A Community Called Atonement

When are there moments of atonement?  Is the cross the only means of atonement?  Is the atonement simply being forgiven, redeemed, restored from our (individual) sin or is there a macrocosmic scope to the atonement?  Several chapters of McKnight’s book are dedicated to those moments of atonement where God redeems us from the problem of evil and sin.  Below are four moments of atonement and some quotes that I find very thought provoking.

 Atoning Moments: Incarnation As Second Adam

“God identifies with us in the incarnation.  Without identification, without incarnation, there is no atonement.  Which is to say that the atonement is an ontological act – God’s sharing our nature and our sharing God’s – at its core: it is about God identifying with us so that we might participate in God (2 Pet. 1:4)” (pg. 54).

Atoning Moments: Crucifixion

“I suggest that we see the achievement of the cross in three expressions: Jesus dies ‘with us’ – entering into our evil and our sin and our suffering to subvert it and create a new way; Jesus dies ‘instead of us’ – he enters into our sin, our wrath, and our death; and Jesus dies ‘for us’ – his death forgives our sin, ‘declares us right,’ absorbs the wrath of God against us, and creates new life where there was once only death.
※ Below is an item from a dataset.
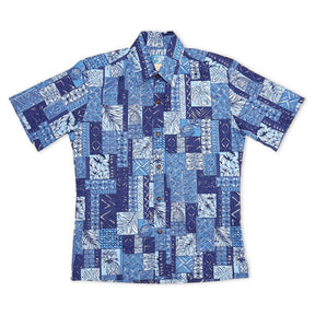 Pineapple Leaves Tapa Block Blue Men's Aloha Shirt

Not only is this death saving, this same death becomes the paradigm for an entirely new existence that is shaped, as Luther said of theology and life, by the cross.  A life shaped by the cross is a life bent on dying daily to self in order to love God, self, others, and the world.  And a life shaped by the cross sees in the cross God becoming the victim, identifying with the victim, suffering injustice, and shaping a cruciform pattern of life for all who would follow Jesus.  The cross reshapes all of life” (pg. 69).

 Atoning Moments: Easter

“When, then, is the resurrection all about?  If the death of Christ wipes away sin, the resurrection of Christ makes all things new.  Resurrection is about new creation.  A theory of atonement that does not flow into the resurrection is an atonement that rids one of the sin problem but does not transform life and this world.  Stopping that flow of life from God into God’s people is the abortion of full atonement” (Pg. 70). 

 Atoning Moments: Pentecost

“Pentecost is both justification and judgment.  In this one act at Pentecost (1) the people of God, in God’s act of justifying and making his judgment clear, receive the power of the Holy Spirit to create a community wherein the will of God can be done, and (2) that new community creation is at the same time a judgment on the unjust rulers of this world” (pg. 76).